Court Opinion

ID: 5895870
Source: CourtListenerOpinion
Date Created: 2022-01-13 03:04:32.34582+00
Date Added: 2024-06-11T08:45:29.910382
License: Public Domain

Appeal by the defendant from a judgment of the Supreme Court, Kings County (Lentol, J.), rendered September 7, 1978, convicting him of murder in the second degree and assault in the first degree, upon a jury verdict, and imposing sentence. The appeal brings up for review the denial, after a hearing, of that branch of the defendant’s omnibus motion which was to suppress identification testimony.
Ordered that the judgment is affirmed.
Our review of the evidence adduced at the Wade hearing indicates that neither the photographic array nor the lineup were suggestive.

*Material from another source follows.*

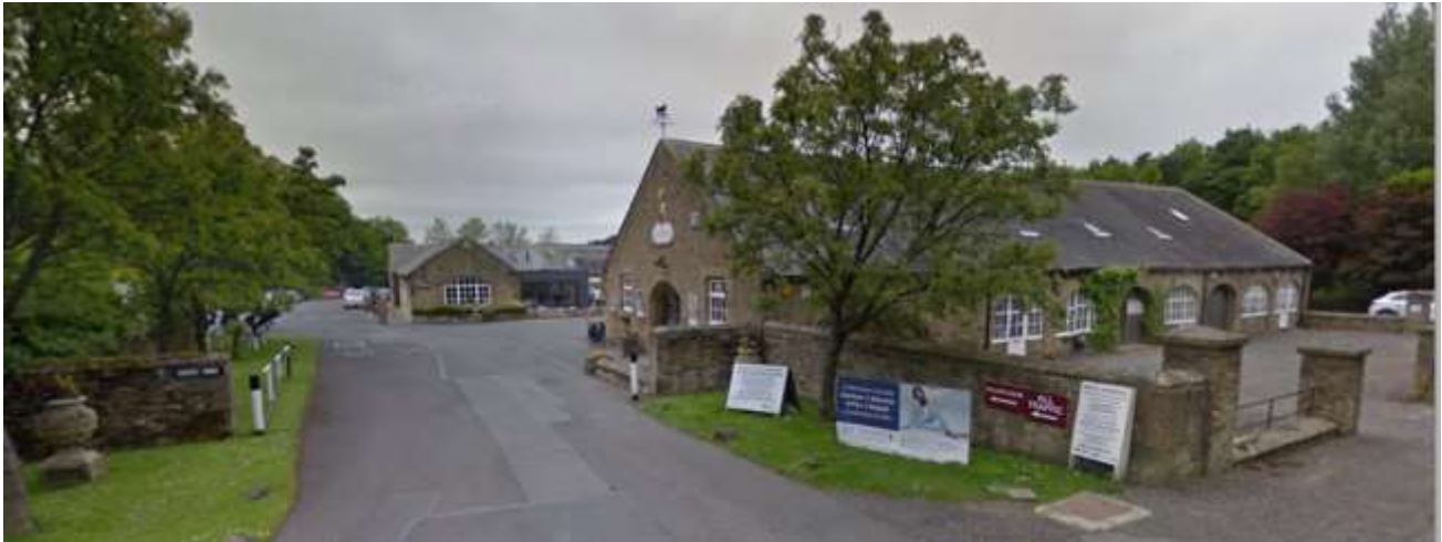
Photo 3: The Milkhope Centre, one of a number of 'rural business centres' in the Parish

We note that the detective’s remark to a complaining witness that "We have someone in the office that I want you to look at” was not improper (see, People v Warner, 125 AD2d 430).
Viewing the evidence adduced at the trial in the light most favorable to the People, which included identifications of the defendant by two complaining witnesses, we find that the evidence is sufficient as a matter of law to support the defendant’s convictions of the crimes charged. Moreover, upon the exercise of our factual review power, we are satisfied that the evidence was of sufficient quantity and quality to establish the defendant’s guilt beyond a reasonable doubt.

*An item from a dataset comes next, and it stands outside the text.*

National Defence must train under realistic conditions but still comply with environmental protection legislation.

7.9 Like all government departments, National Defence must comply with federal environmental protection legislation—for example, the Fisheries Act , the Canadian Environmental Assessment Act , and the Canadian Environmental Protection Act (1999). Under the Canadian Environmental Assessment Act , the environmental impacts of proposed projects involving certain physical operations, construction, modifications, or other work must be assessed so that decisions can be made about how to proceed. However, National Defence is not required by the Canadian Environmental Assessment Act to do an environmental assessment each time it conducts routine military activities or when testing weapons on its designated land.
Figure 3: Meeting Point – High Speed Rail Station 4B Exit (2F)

Although several of the remarks made by the prosecutor in his summation were better left unsaid, the defendant was not deprived of a fair trial.
Defense counsel failed to request an alibi charge or except to the lack thereof, and thus this issue is not preserved for our review. Given the strong evidence of the defendant’s guilt, and that the trial court’s instructions, when taken as a whole, properly instructed the jury that the People bore the burden of proof as to the complicity of the defendant in the charged *683crimes, we decline to reach this issue in the interest of justice (see, People v Perez, 127 AD2d 707).
The defendant’s other contentions are either unpreserved for appellate review or without merit. Bracken, J. P., Brown, Rubin and Spatt, JJ., concur.